Return to sender. European energy ministers, meeting in Brussels on Thursday 24 November for an emergency meeting, asked the European Commission to review its copy. According to many of them, in fact, with the proposal for a regulation put on the table by the institution with a view to capping gas prices, the European Union (EU) was going straight into the wall.
not far enough
The Commission had nevertheless put its heart into the work. Just before the emergency meeting of the “Energy Council”, on Tuesday November 22, it had unveiled a mechanism aimed at capping for one year the prices of monthly contracts on the reference gas market “TTF” (for “Title transfer facility”) ) – as soon as they exceed €275/MWh for two consecutive weeks.

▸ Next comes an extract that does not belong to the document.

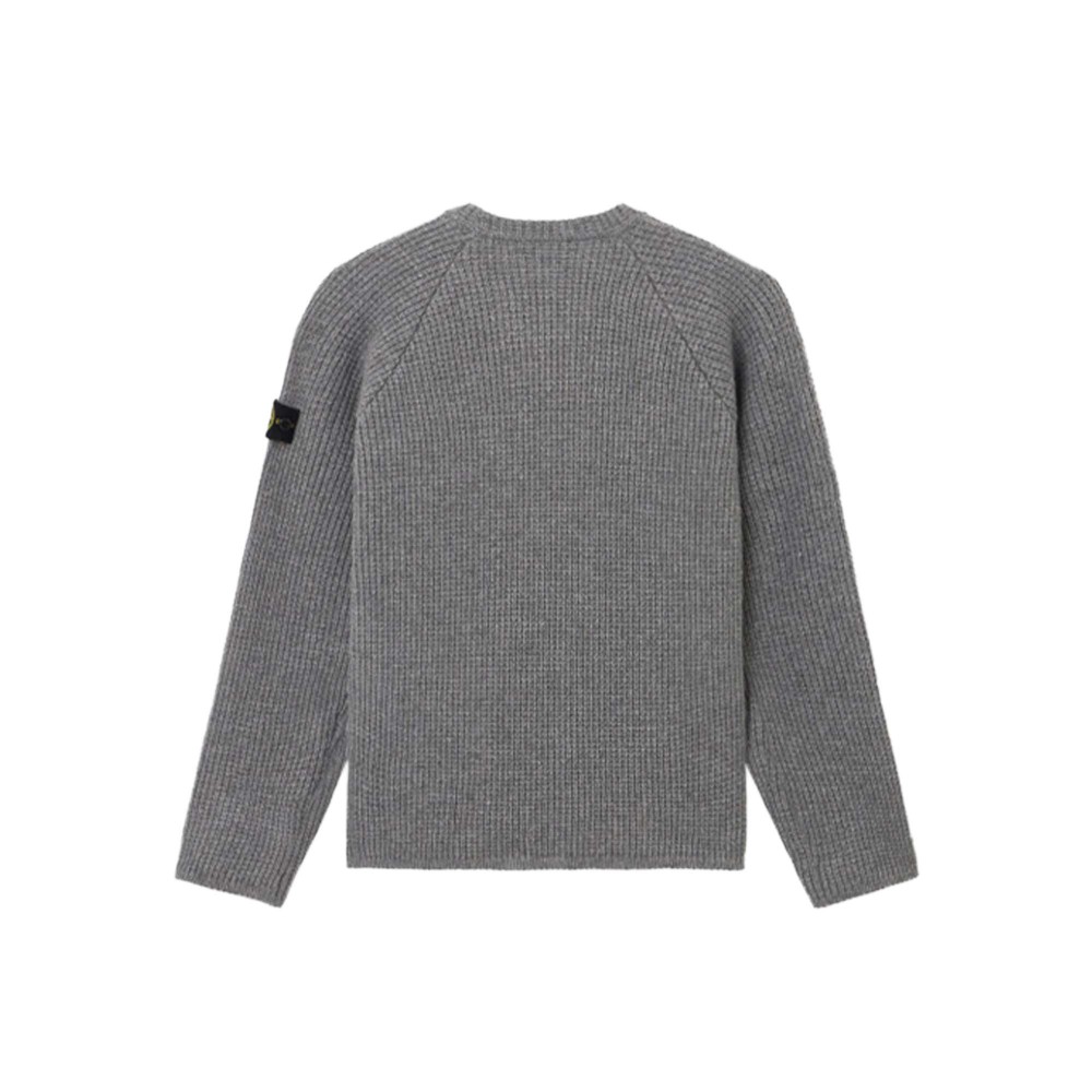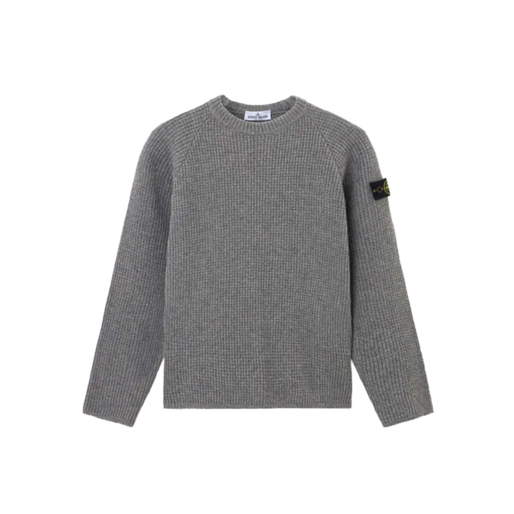 STONE ISLAND Maglione grigio girocollo a costine bambini

But this double conditionality did not convince the Member States. “A significant number of countries, including France, said this proposal did not go far enough to protect businesses and industries”traces a source in the office of the French Minister for Energy Transition, Agnès Pannier-Runacher.
Other measures postponed
Result: to show their dissatisfaction, the States preferred to postpone the adoption of other measures put on the table by the European Commission to deal with soaring energy prices. However, this emergency meeting had indeed been convened by the Czech Presidency of the Council of the EU (in charge until the end of the year) to reach an agreement. The text provided for group purchases of gas (in which consortia of companies can voluntarily participate), a solidarity mechanism for countries threatened with shortages, and another proposal simplifying authorizations for renewable energy infrastructures.
European Commissioner for Energy Kadri Simson admitted that this “Energy Council was not easy”. Against the wall, the European Commission will have to present, very probably next week, a new proposal – “more realistic” as several sources say – to cap gas prices, before a new meeting of the “Energy Council” scheduled, probably, for Tuesday 13 December.
“At this level, it’s not a ceiling! Gas prices are threatening households and businesses, we have wasted too much time without results”, annoyed the Greek Minister Kostas Skrekas. His Polish counterpart Anna Moskwa denounced a “joke” from the Commission, while calling for a new proposal “in the next few days”.
Risk of endangering the security of supply
“I think the expectations of ministers can be very different. My role is to take these points of view into account,” continued Estonian Commissioner Kadri Simson. “Security of supply is a major concern”. In the eyes of the European executive, a ceiling that is too low – below the 275 €/MWh mark – could be harmful for the EU economy, if the mechanism is activated and the transactions are effectively blocked. For the Commission, reducing the volatility of the European gas markets is yes, but there is no question of playing sorcerer’s apprentice and endangering the security of supply.
If these various files remain deadlocked, the 27 EU leaders, who will meet for a European Council in Brussels on December 15 and 16, could have to take over. But Prague does not want to come to that and hopes that the conditions for an agreement between ministers on the various texts on the table can be met before mid-December.